--- RECORDED INFORMATION Enclosed Below ---
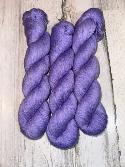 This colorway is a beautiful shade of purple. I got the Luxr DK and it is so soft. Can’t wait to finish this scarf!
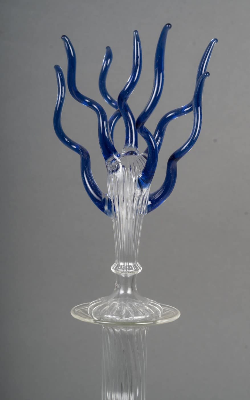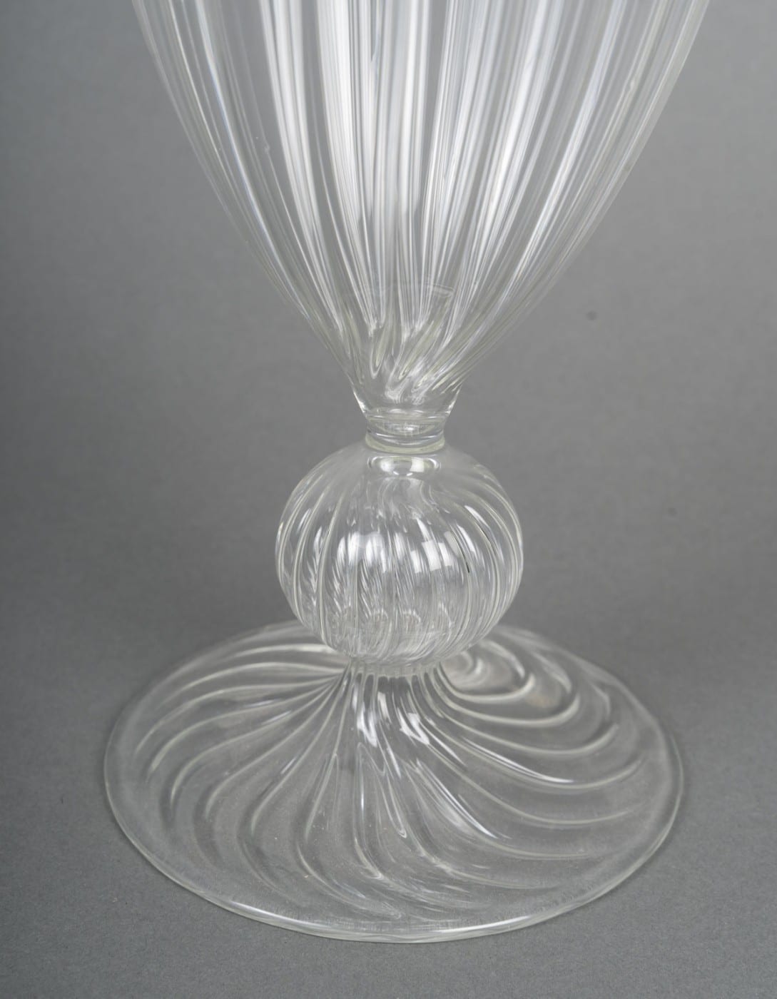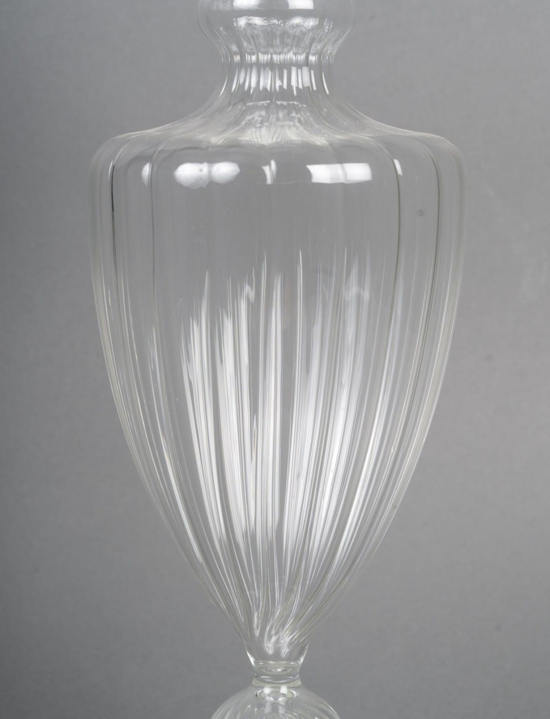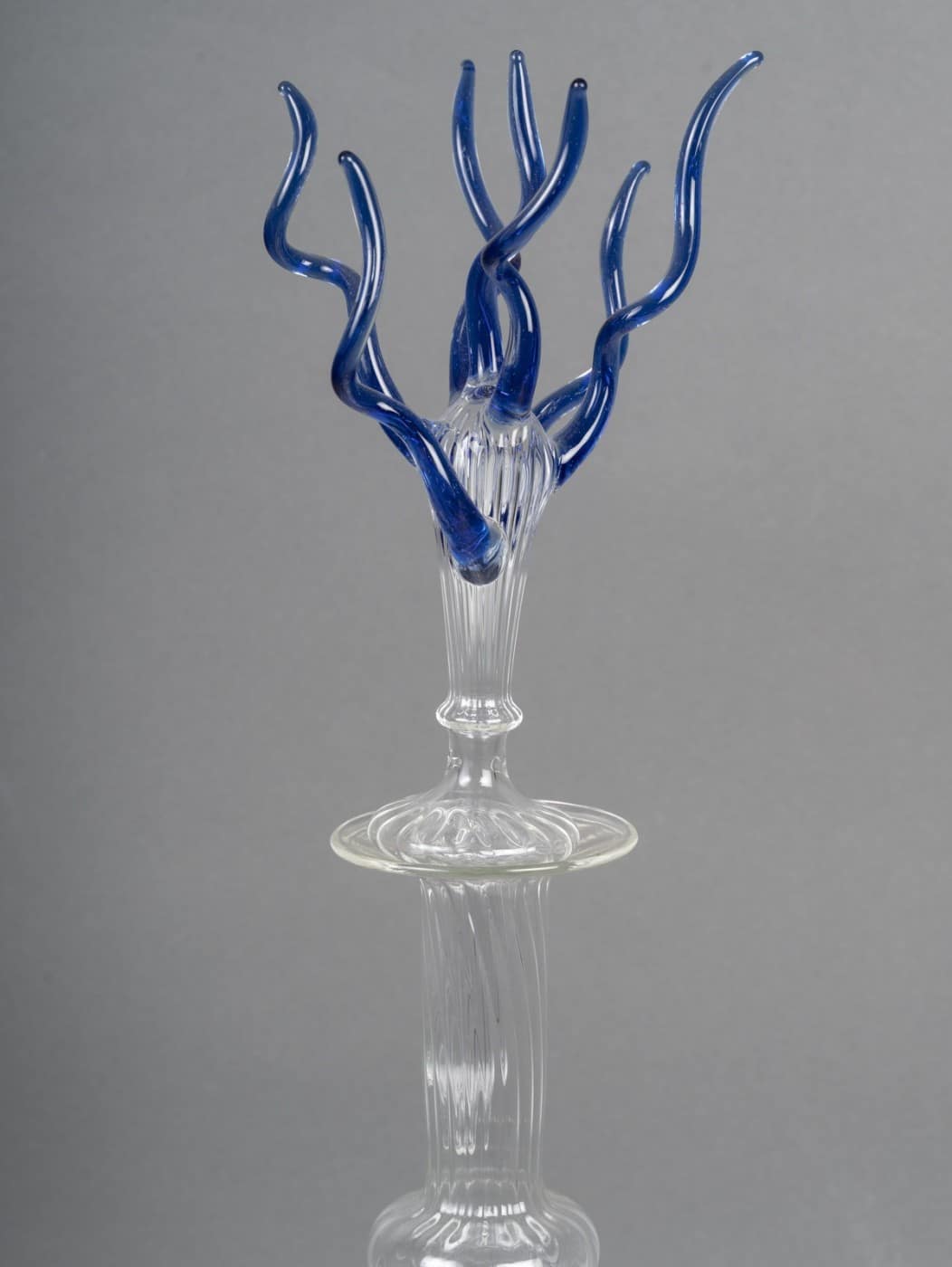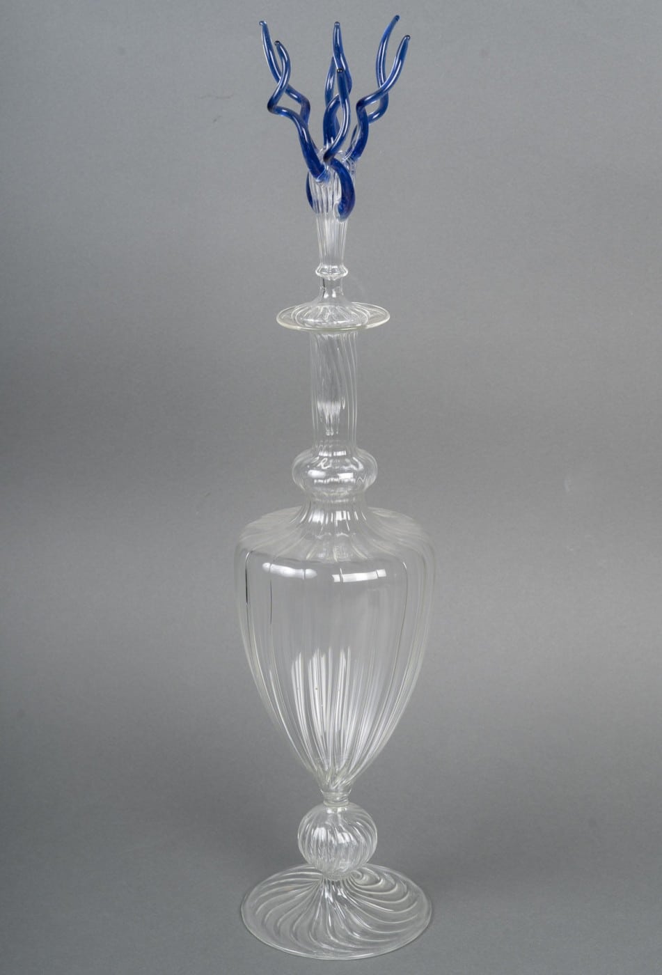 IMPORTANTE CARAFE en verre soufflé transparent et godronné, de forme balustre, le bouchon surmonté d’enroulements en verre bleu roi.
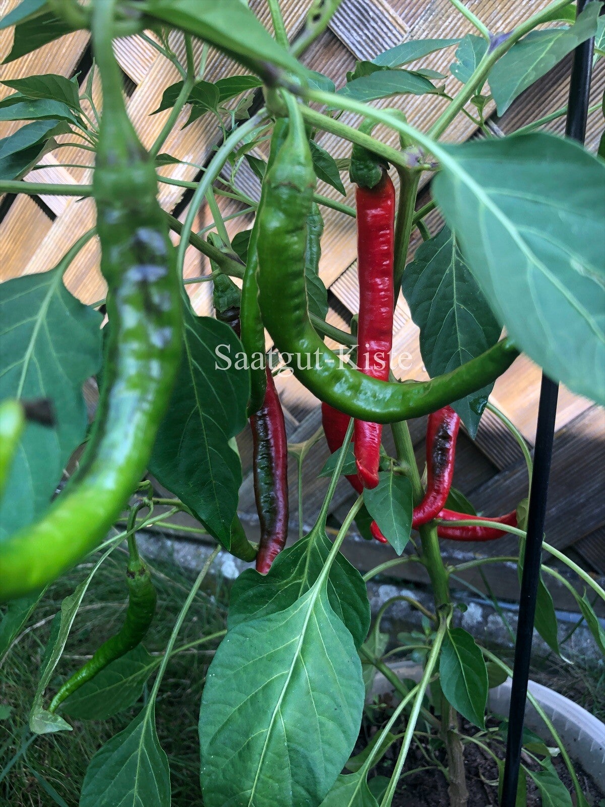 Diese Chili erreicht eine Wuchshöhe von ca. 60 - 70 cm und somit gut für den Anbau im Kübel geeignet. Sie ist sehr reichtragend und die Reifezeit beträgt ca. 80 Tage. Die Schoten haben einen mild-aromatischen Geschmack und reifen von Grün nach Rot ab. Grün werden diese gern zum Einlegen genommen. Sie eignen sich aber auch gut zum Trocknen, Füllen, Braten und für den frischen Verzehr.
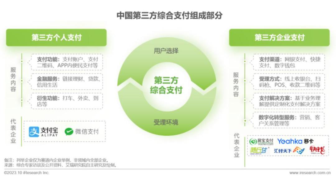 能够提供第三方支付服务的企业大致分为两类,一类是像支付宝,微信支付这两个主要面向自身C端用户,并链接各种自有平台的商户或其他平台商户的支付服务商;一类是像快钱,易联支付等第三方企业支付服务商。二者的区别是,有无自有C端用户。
--- End of Enclosed RECORDED INFORMATION ---
AIM OF THE EXERCISE: The complete material, set down exactly and stripped of pictures, is the expected response.

SOLUTION TO THE PROBLEM:
 This colorway is a beautiful shade of purple. I got the Luxr DK and it is so soft. Can’t wait to finish this scarf!
 IMPORTANTE CARAFE en verre soufflé transparent et godronné, de forme balustre, le bouchon surmonté d’enroulements en verre bleu roi.
 Diese Chili erreicht eine Wuchshöhe von ca. 60 - 70 cm und somit gut für den Anbau im Kübel geeignet. Sie ist sehr reichtragend und die Reifezeit beträgt ca. 80 Tage. Die Schoten haben einen mild-aromatischen Geschmack und reifen von Grün nach Rot ab. Grün werden diese gern zum Einlegen genommen. Sie eignen sich aber auch gut zum Trocknen, Füllen, Braten und für den frischen Verzehr.
 能够提供第三方支付服务的企业大致分为两类,一类是像支付宝,微信支付这两个主要面向自身C端用户,并链接各种自有平台的商户或其他平台商户的支付服务商;一类是像快钱,易联支付等第三方企业支付服务商。二者的区别是,有无自有C端用户。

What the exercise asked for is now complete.